### [WHAT IS NEEDED]
Pictures excluded, reproduce exactly the lines below from the one with "And so the problem" through the one with "指标项目:包括省份代码标识、", both included.

### [TASK INPUTS]
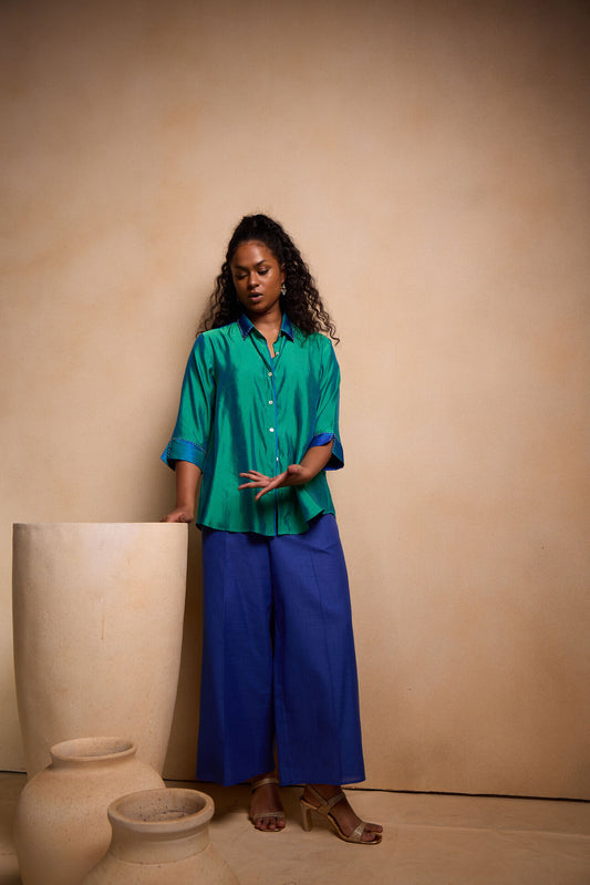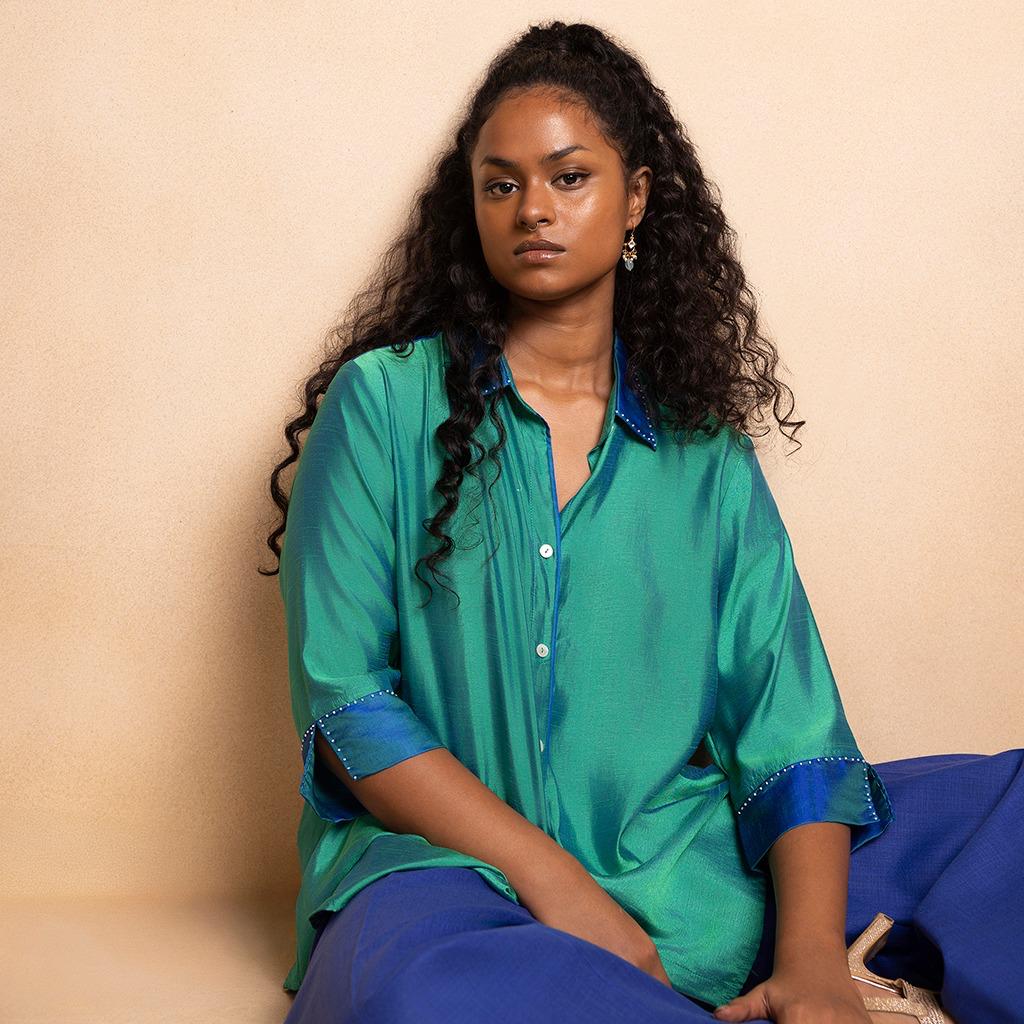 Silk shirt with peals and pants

--

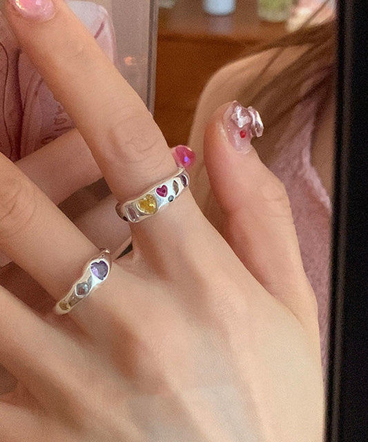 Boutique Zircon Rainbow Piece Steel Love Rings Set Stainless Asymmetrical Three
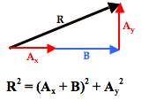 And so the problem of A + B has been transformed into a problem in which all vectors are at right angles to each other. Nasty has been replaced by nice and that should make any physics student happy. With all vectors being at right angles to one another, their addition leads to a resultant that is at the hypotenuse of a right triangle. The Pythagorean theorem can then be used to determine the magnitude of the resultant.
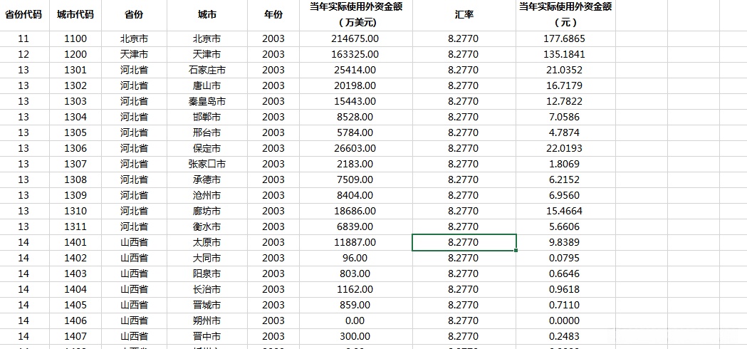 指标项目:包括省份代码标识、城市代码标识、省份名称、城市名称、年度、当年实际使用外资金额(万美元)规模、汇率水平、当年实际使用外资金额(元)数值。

==

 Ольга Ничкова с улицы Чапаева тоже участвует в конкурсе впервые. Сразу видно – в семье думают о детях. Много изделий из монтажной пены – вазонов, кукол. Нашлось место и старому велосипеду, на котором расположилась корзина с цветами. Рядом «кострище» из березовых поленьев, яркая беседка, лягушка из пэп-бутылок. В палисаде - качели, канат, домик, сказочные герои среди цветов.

### [EXERCISE ANSWER]
 And so the problem of A + B has been transformed into a problem in which all vectors are at right angles to each other. Nasty has been replaced by nice and that should make any physics student happy. With all vectors being at right angles to one another, their addition leads to a resultant that is at the hypotenuse of a right triangle. The Pythagorean theorem can then be used to determine the magnitude of the resultant.
 指标项目:包括省份代码标识、城市代码标识、省份名称、城市名称、年度、当年实际使用外资金额(万美元)规模、汇率水平、当年实际使用外资金额(元)数值。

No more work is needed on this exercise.